* [Work required]: Set out word for word the line that contains "乳胶内衣女文胸薄款无钢圈聚拢防下垂大胸显小无痕美背运动内衣" and each line after it, through the end of the data below, but exclude the pictures.

[Collected data]

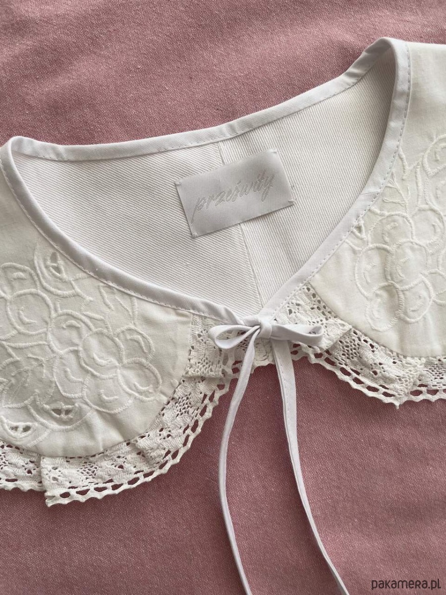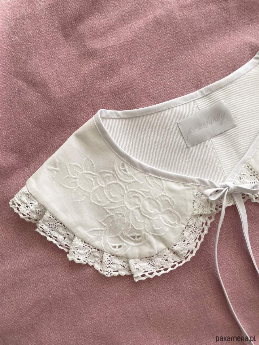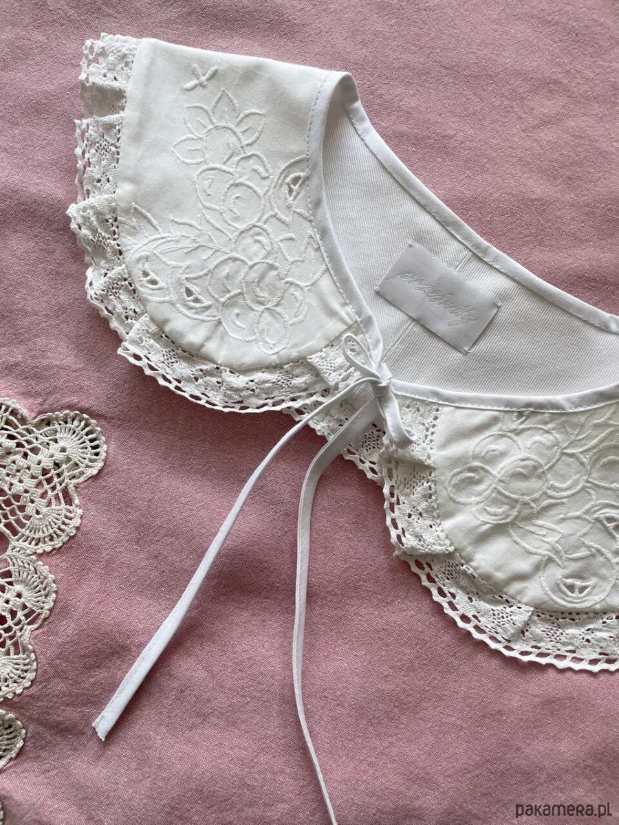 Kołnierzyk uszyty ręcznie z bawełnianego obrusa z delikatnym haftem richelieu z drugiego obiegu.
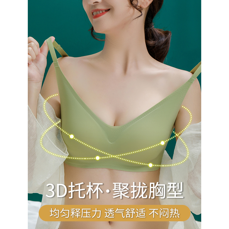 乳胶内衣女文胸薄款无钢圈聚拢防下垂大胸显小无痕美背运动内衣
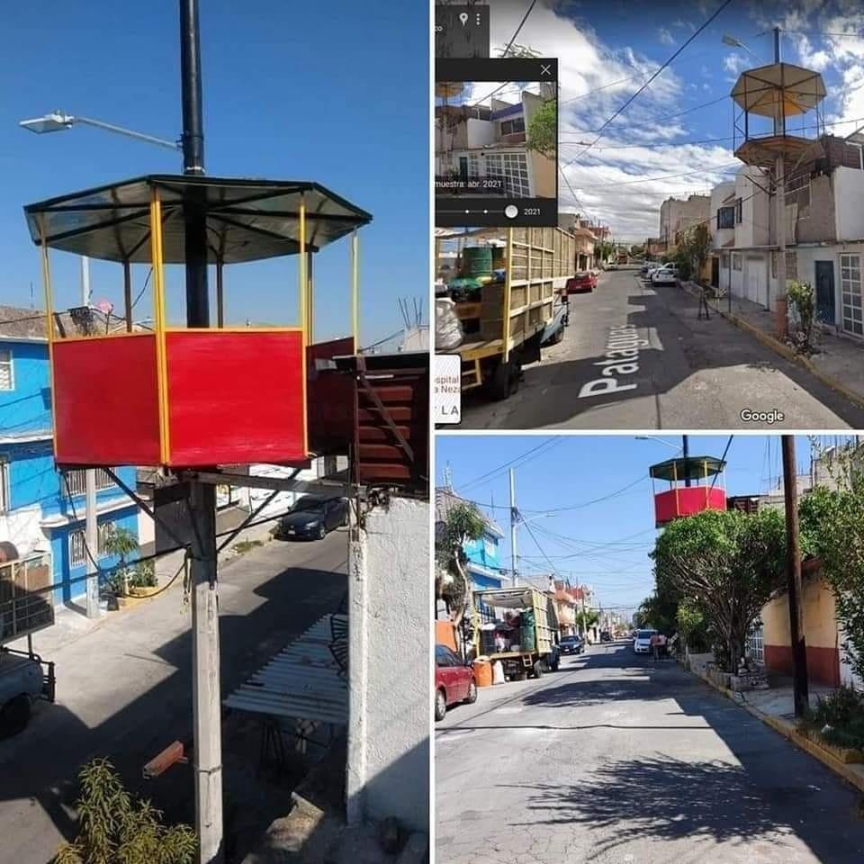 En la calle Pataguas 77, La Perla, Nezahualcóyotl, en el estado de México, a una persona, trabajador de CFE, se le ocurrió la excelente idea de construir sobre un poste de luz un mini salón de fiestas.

[/Collected data]

* [Response box]:
 乳胶内衣女文胸薄款无钢圈聚拢防下垂大胸显小无痕美背运动内衣
 En la calle Pataguas 77, La Perla, Nezahualcóyotl, en el estado de México, a una persona, trabajador de CFE, se le ocurrió la excelente idea de construir sobre un poste de luz un mini salón de fiestas.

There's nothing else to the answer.